Zamknij

Dodaj komentarz

Kontrowersyjna sprzedaż działki na Ursynowie. Kiedyś był tu schron

Sławek Kińczyk Sławek Kińczyk 11:14, 23.10.2025 Aktualizacja: 14:43, 27.10.2025
13 Działka na sprzedaż na ul. Kłobuckiej (ukosne.um.warszawa.pl) Działka na sprzedaż na ul. Kłobuckiej (ukosne.um.warszawa.pl)

Działka przy ulicy Kłobuckiej, która kilka miesięcy temu była bohaterem burzliwych dyskusji radnych, oficjalnie trafia na sprzedaż. Cztery parcele ze zrujnowanymi budynkami i dawnym schronem zostaną wystawione na przetarg za 17 milionów złotych. Ratusz przekonuje, że pieniądze pójdą na parki i termomodernizacje szkół.
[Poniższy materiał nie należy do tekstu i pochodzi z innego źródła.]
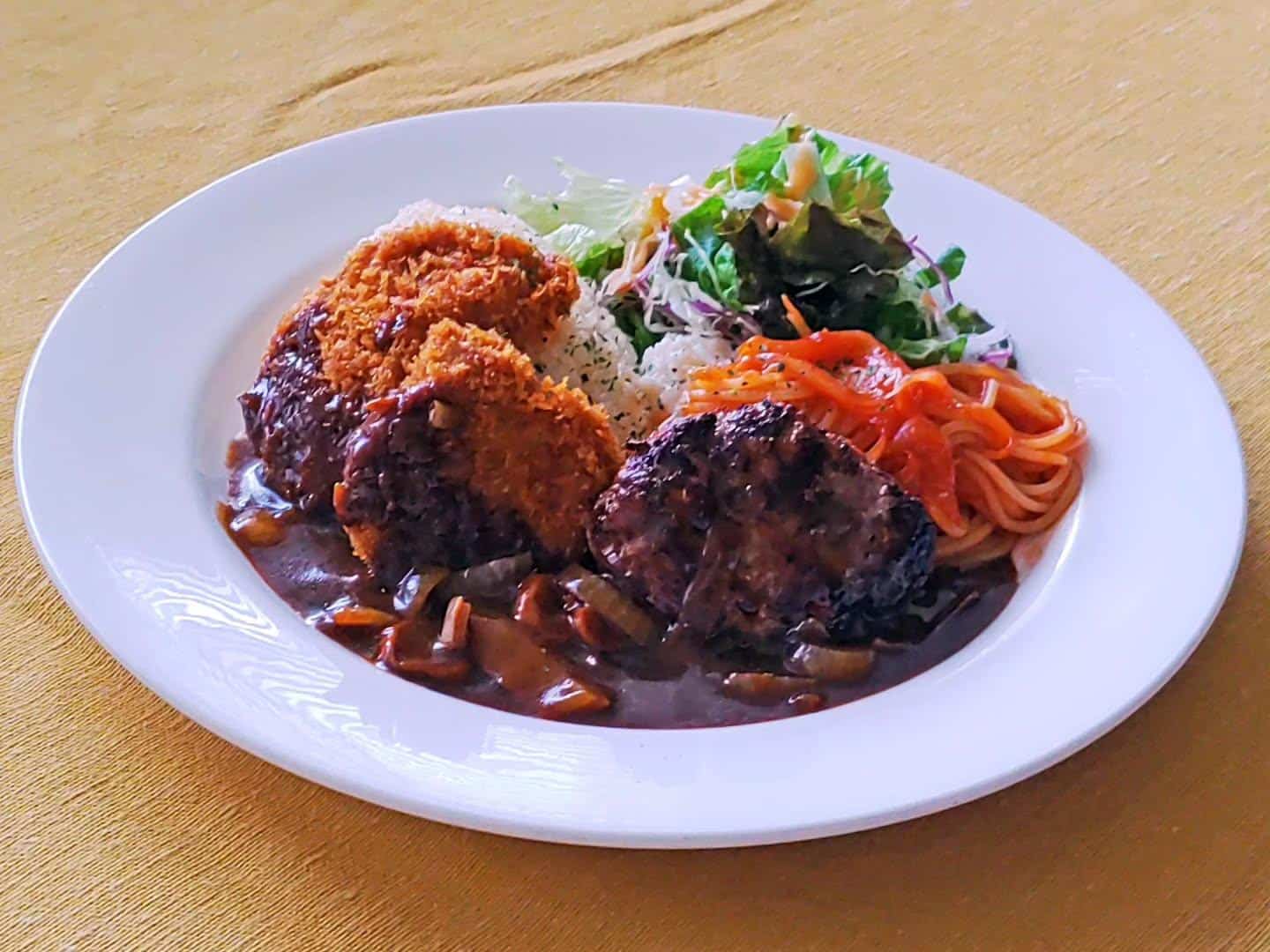 ヒレカツ・ハンバーグ・ナポリタン・バターライス・サラダ付き

Wkrótce zostanie ogłoszony ustny nieograniczony przetarg na sprzedaż prawa użytkowania wieczystego nieruchomości gruntowych zabudowanych o łącznej powierzchni ponad 3 tysięcy metrów kwadratowych

- informuje stołeczny ratusz.

Do sprzedaży przeznaczono cztery działki na zachodnim skraju Ursynowa - przy ul. Kłobuckiej 23, dosłownie w cieniu bloku wybudowanego kilka lat temu. Ich łączna powierzchnia to 3364 metrów kwadratowych. Cena wywoławcza wynosi netto 17 milionów złotych (razem z budynkami).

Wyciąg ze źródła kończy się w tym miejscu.